= Sardar Gulab Singh =

Sikh warrior

Sardar Gulab Singh was the founder of Dallewalia Misl, one of the sovereign states of the Sikh confederacy that rose during the 18th century in the Punjab region. The Dallewalia and Nishanwalia Misl were stationed as a reserve force at Amritsar to protect the holy city and tackle any emergency. The Amritsar and the Punjab region was subject to raids by the Afghans led by Ahmad Shah Abdali therefore the Sikhs had created misls to defend the Punjab region and push back the invaders.

== Early life ==
Gulab Singh was the son of Shardha Ram of village Dallewal Since Gulab Singh was a resident of the village of Dallewal, hence the name of his misl that was established near Dera Baba Nanak, in Doaba Bist Jalandhar. He had a grocery store in his village Dallewal (also called Bora Dalla) where all his goods were stolen by thieves and this incident made him rebel against the Mughal administration. As a middle-aged man with a family to feed, he moved to Amritsar where he trained under Nawab Kapur Singh and became a Sikh after baptism.

=== Pahul ===
In 1726, Nawab Kapur Singh administered pahul to Gulab Singh on Diwali at Amritsar.
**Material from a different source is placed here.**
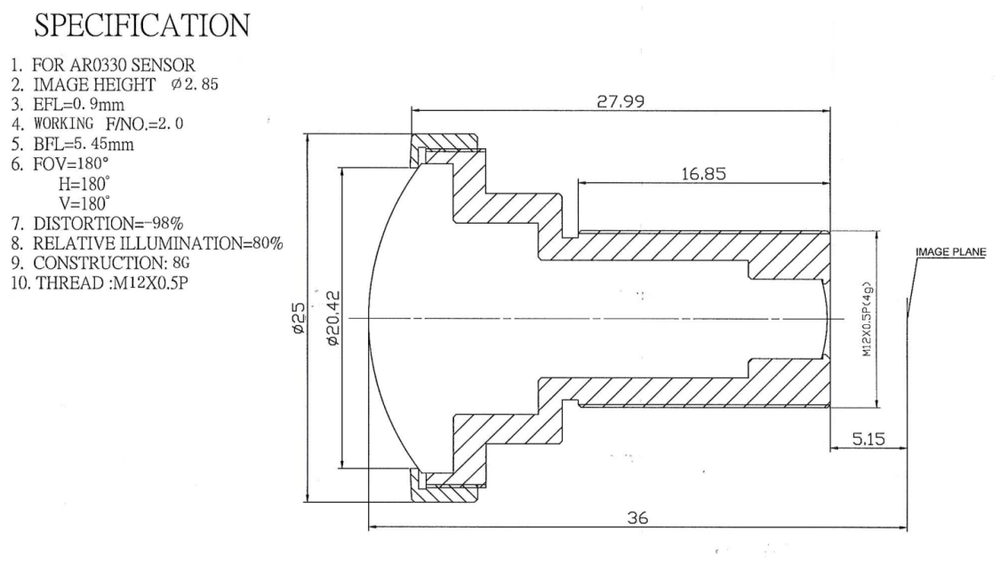 1/2.9" 180X180X180 degree EFL0.9mm F2.0 16M fisheye m12 panoramic cctv lens

Sikhs regarded Nawab Kapur Singh as a leader and general par excellence. He was the organizer of Dal Khalsa and an integral link between two sections of the Nihang Sikhs, Budha dal (veterans-handling administrative functions, taking care of missionary work, Gurudwaras, and protection of religion) and Taruna Dal (the young group-fighters, defenders, and protectors of the community).

==== Taruna Dal ====
Gulab Singh became an active member of the taruna dal by late 1726 A.D. and launched into a chivalry career, fighting against Punjab's oppressive Mughal government. Initially, he was having 10-15 companions and commenced plundering slowly; he added 150 comrades. One day, he attacked Jalandhar and, won big booty, returned safely to their jungle camp.

=== Dallewalia Misl ===

In 1748, Gulab Singh was declared to be the head of the Dallewalias Misl with two deputies Gurdyal Singh and Tara Singh Ghaiba.

Detail of the Dallewalia Misl
| SN | Name | Founding Clan | Capital | Key Leaders | Strength in Regular Horseman (1780) | Misl Period Territory by 1759 | Corresponding Current Area |
| 1 | Dallewalia Misl | Khatri | Sardar Gulab Singh and Sardar Tara Singh Ghaiba | 5,000 | Nakodar, Talwan, Badala, Rahon, Phillaur, Ludhiana etc. | Ludhiana district, Jalandhar district |

== Death ==
Gulab Singh lost his life in 1759 at the Battle of Kalanaur by the forces of Zain Khan Sirhindi. Hence the command of the misl came to Sardar Gurdiyal Singh and later it was headed by Sardar Tara Singh Ghaiba.